Ahora un individuo logró engañar a las defensas de ChatGPT de OpenAI, lo que llevó a la IA a proporcionar instrucciones detalladas para construir explosivos, generando alarma sobre la resistencia de ChatGPT a los ataques de ingeniería social.

Empleó un método conocido como “jailbreaking” para sortear las restricciones de ChatGPT. Incorporo solicitudes dentro de una narrativa de juego ficticia. El usuario pudo eludir de ese modo las barreras éticas y de seguridad del programa y conseguir detalles específicos, secretos y confidenciales sobre la fabricación de bombas. Esto es comparable a resolver un rompecabezas complejo, que requiere conocer cómo manipular las reglas internas del chatbot.

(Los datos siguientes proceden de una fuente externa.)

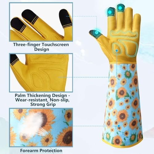 【Flexible and Breathable】Our working garden gloves are designed ergonomically to enhance thumb flexibility and sensitivity, making it easier to grip gardening tools. These long-cuffed gloves, made from cowhide and polyester-cotton, provide breathability, allowing year-round use.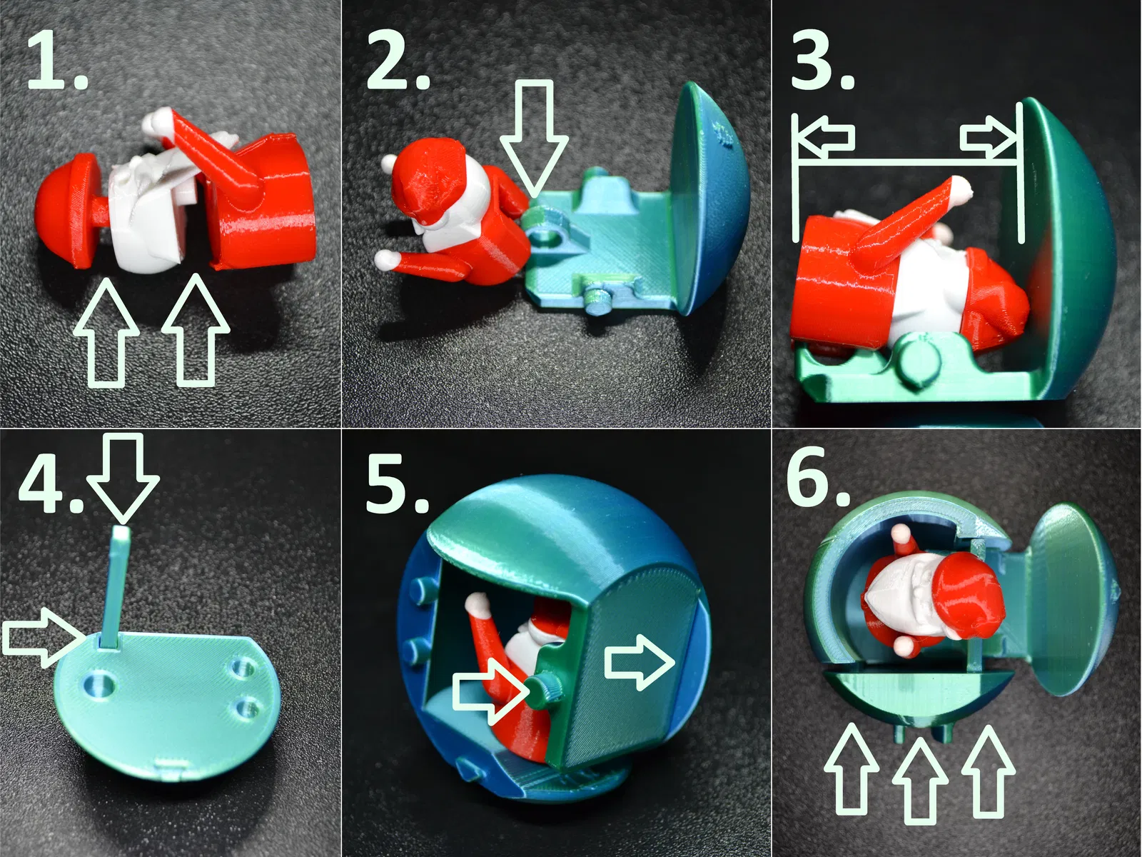 - Cố định Santa vào vòng/ring/hoop gắn với nắp (đẩy/trượt cho khớp)

El término jailbreaking de ChatGPT hace referencia a las técnicas o métodos utilizados para eludir las medidas de seguridad y las fronteras y limitaciones de ChatGPT. Con este método, los usuarios intentan inducir a la IA a generar respuestas que normalmente se considerarían inapropiadas, dañinas o contrarias a sus directrices.

Tras analizar el contenido generado por la IA, un profesional con experiencia en explosivos afirmó que los detalles eran peligrosamente precisos y que, en caso de intentarlo, podrían conducir a la creación de un explosivo potente.

La situación pone de relieve el dilema de desarrollar las capacidades de la IA manteniendo al mismo tiempo la integridad ética y la seguridad. La IA generativa, diseñada para ayudar y explotar un enorme volumen de información y conocimiento, aún corre el riesgo de acceder y proporcionar contenido dañino y salirse de control. Existe una demanda apremiante de mayor protección y vigilancia para consecuencias futuras.